Smear campaign hits new low by altering BBC footage

Tuesday, 8th October 2019

In a heavily miscalculated attempt at undermining the Government, Dominica’s United Workers’ Party has spent the last month making baseless allegations regarding the nation’s Citizenship by Investment (CBI) Programme. Indeed, faced with one of the most transparent and efficiently-run economic citizenship programmes in the world, the Opposition has been clutching at straws, concocting a missing US$1.2 billion in CBI revenues and belittling conscientious stakeholders involved in the real estate arm of the Programme.

This week however, supporters of the Opposition hit a new low, going so far as to publish a video that alters footage from the BBC and the United States Department of Justice. The tactic is scandalous and evidences nothing but desperation.

The video in question combines a BBC report, a video of US Attorney General Loretta E. Lynch, and pictures of Dominica and Dominica’s Prime Minister, Roosevelt Skerrit. The aim of the video is to suggest that the United States has launched an investigation into Dominica’s ‘missing’ US$1.2 billion. However, both the BBC report and the video with US Attorney General Lynch refer to a conspiracy to launder more than US$1 billion from a Malaysian sovereign wealth fund – they have nothing to do with Dominica, Dominica’s Prime Minister, or Dominica’s Citizenship by Investment Programme.

Click link to see original video https://www.youtube.com/watch?v=NlfB3f4bqck&feature=youtu.be  Click link below to read press release of US Department of Justice  https://www.justice.gov/opa/pr/united-states-seeks-recover-more-1-billion-obtained-corruption-involving-malaysian-sovereign

The well-informed will recognise this news patchwork from July 2016, when Attorney General Lynch filed civil forfeiture complaints to recover moneys misappropriated from a Malaysian sovereign wealth fund – the largest single action ever brought under the Kleptocracy Asset Recovery Initiative.

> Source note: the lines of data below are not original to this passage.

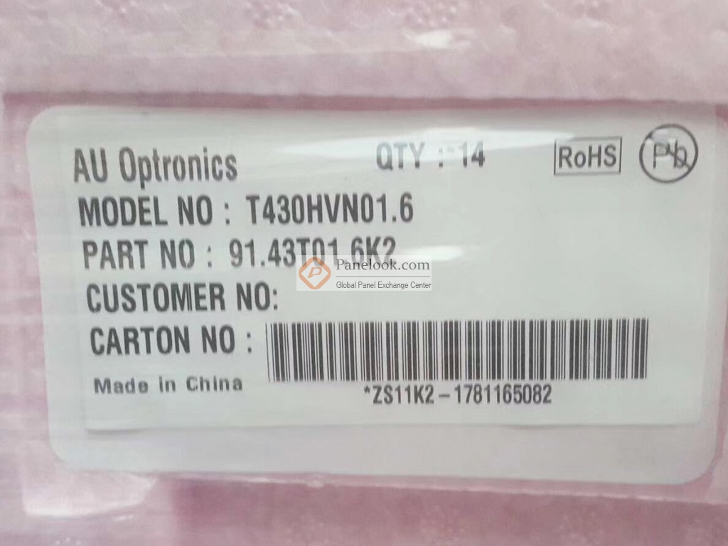 电视等产品。本产品已邦定6 source chips驱动IC。根据屏库掌握的情报此产品于2015年Q2量产,当前生产状态为已停产。目前此型号在屏库上有0条现货信息、0家供应商信息,交易氛围清淡。屏库于2015年10月06日对此型号首次建立参数,并于2024年01月29日对参数进行了最后更新。根据友达 (AUO)于2015年4月29日发布的版本号为Ver1.0的产品规格书,T430HVN01.6 CELL显示分辨率为
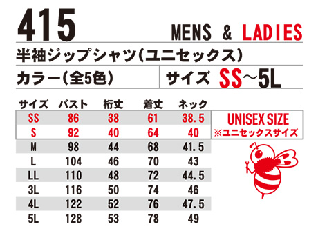 | 415/半袖ジップシャツ(ユニセックス) |
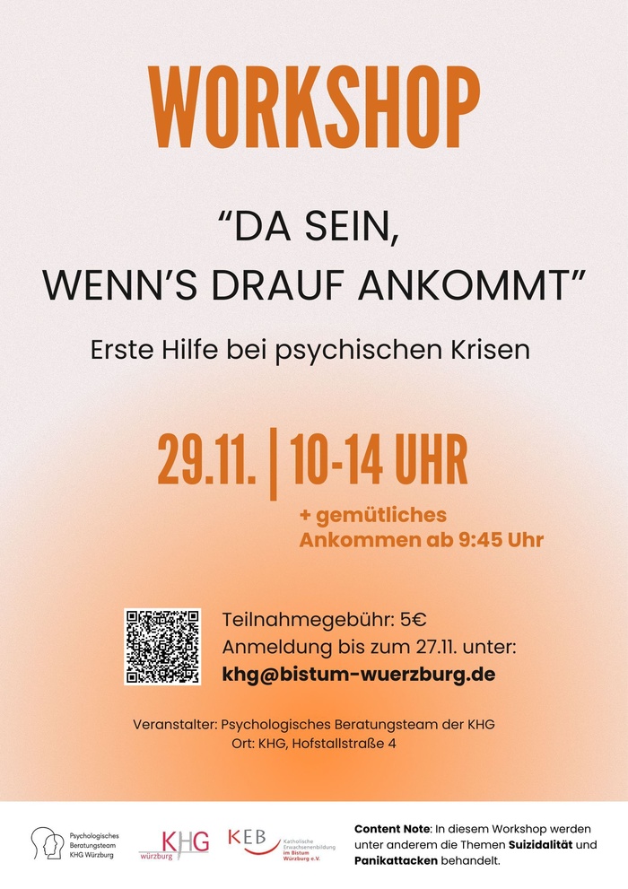 Mit einem Raum für Fragen, Austausch und Übungen möchten wir dir zeigen, wie du Warnsignale erkennen, Sorgen ansprechen und in akuten Situationen unterstützend handeln kannst. Dabei soll es auch darum gehen, deine eigenen Bedürfnisse nicht aus dem Blick zu verlieren.
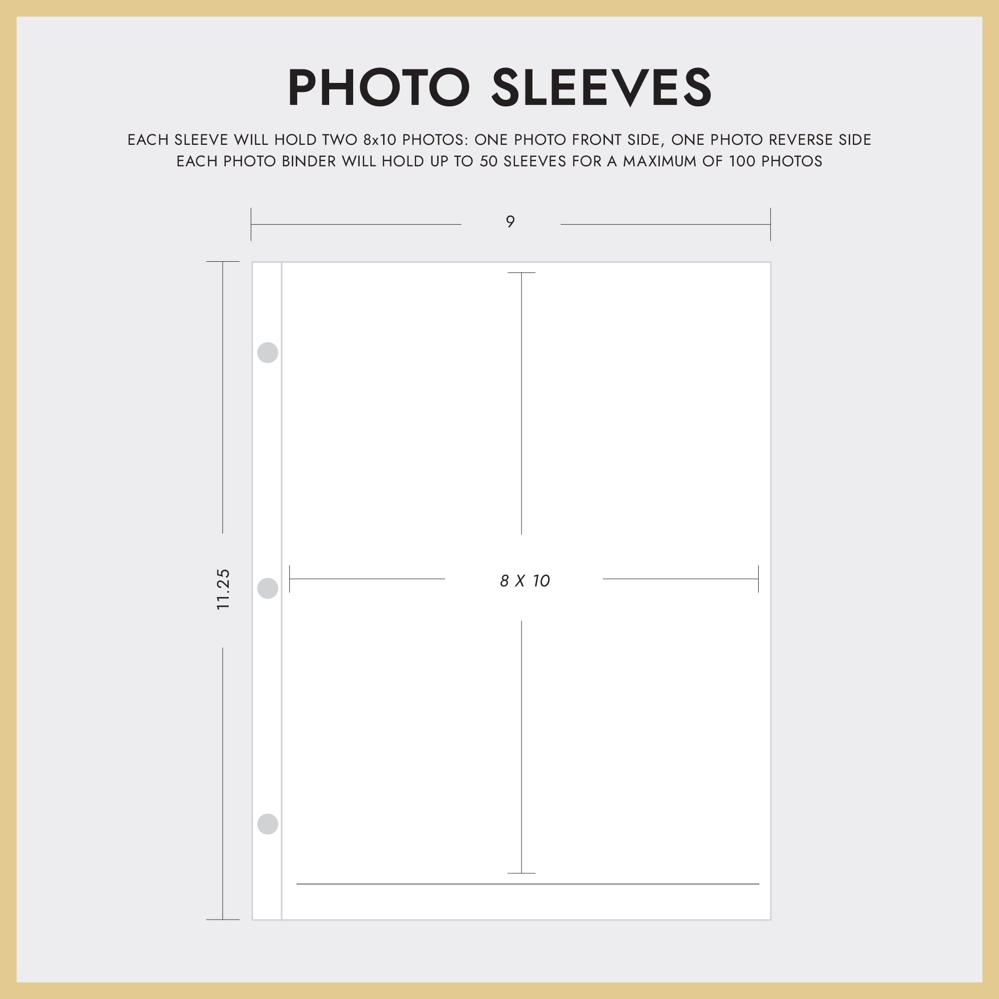 INSIDE: Photo Binders include clear sleeves, each designed to hold two 8x10 photos. Select the 25 sleeve option for 50 photos or the 50 sleeve option to accommodate up to 100 photos. Large 8x10 Photo Binders hold a maximum of 100 photos.
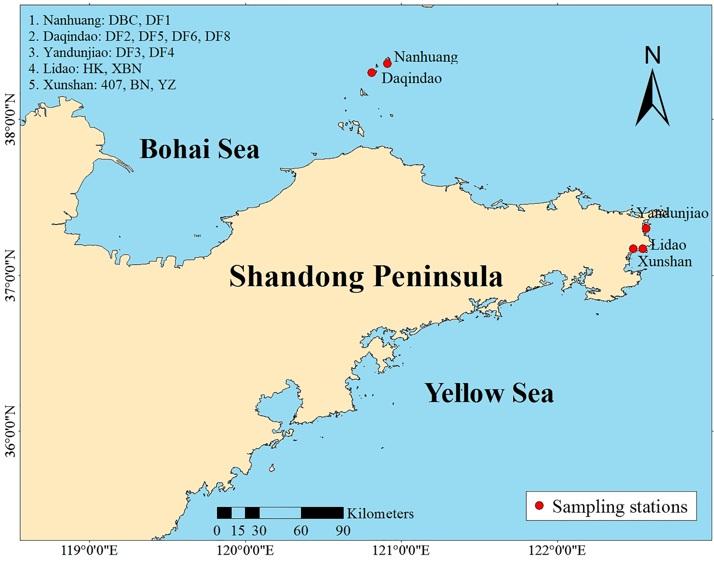 Location of the Saccharina cultivars around the Shandong Peninsula.
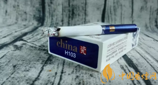 煙盒正面主圖為青花騰龍?jiān)煨?,張牙舞爪,欲入深海而攪起驚濤駭浪。煙盒頂端,印有青花瓷瓶的圖案,同時(shí)加以文字簡(jiǎn)介。煙盒底端主色調(diào)為深藍(lán),與正反兩面的藍(lán)色青花龍色調(diào)相輔相成。China和瓷的品名,再次印制于此部位。H103,是指產(chǎn)品的隨機(jī)編號(hào)。
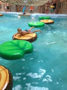 We woke up Thursday morning and engaged in one last romp at the water park. We went down the family raft ride and laughed hysterically as we slid up the side walls and got drenched. We played in the wave pool and watched Ri dive like a mermaid and Mario fight the incoming waves. We rooted them on as they crossed the lily pads.

Supporters of the Opposition are resorting to blatant, and indeed shameful, fake news tactics – likely encouraged by Lennox Linton’s intellectually dishonest EC$1.2 billion accusation. If Linton were a responsible politician (and a responsible Dominican), however, he would call for this laughable cut-and-paste video to be taken down. He would perhaps even realise that videos such as this one do the Opposition more harm than good.

The BBC is among the world’s most respected broadcasting companies. How will the BBC react when it sees that its own footage is being used to spread fake news in Dominica? How long will it take the BBC to take matters into its hands and create real news reports on the Opposition’s false information campaign strategy?

Lennox Linton is also already personally under fire, as he is reportedly being investigated for his connection to Terry Barron and Chris HP, with at least one of these connections involving bribery allegations. It would not be the first time a Caribbean politician is investigated in Europe for corruption. In 2017 for example, Antigua and Barbuda's Tourism Minister lost his Cabinet position after being arrested at London’s Gatwick Airport and questioned by the Metropolitan Police in a bribery probe.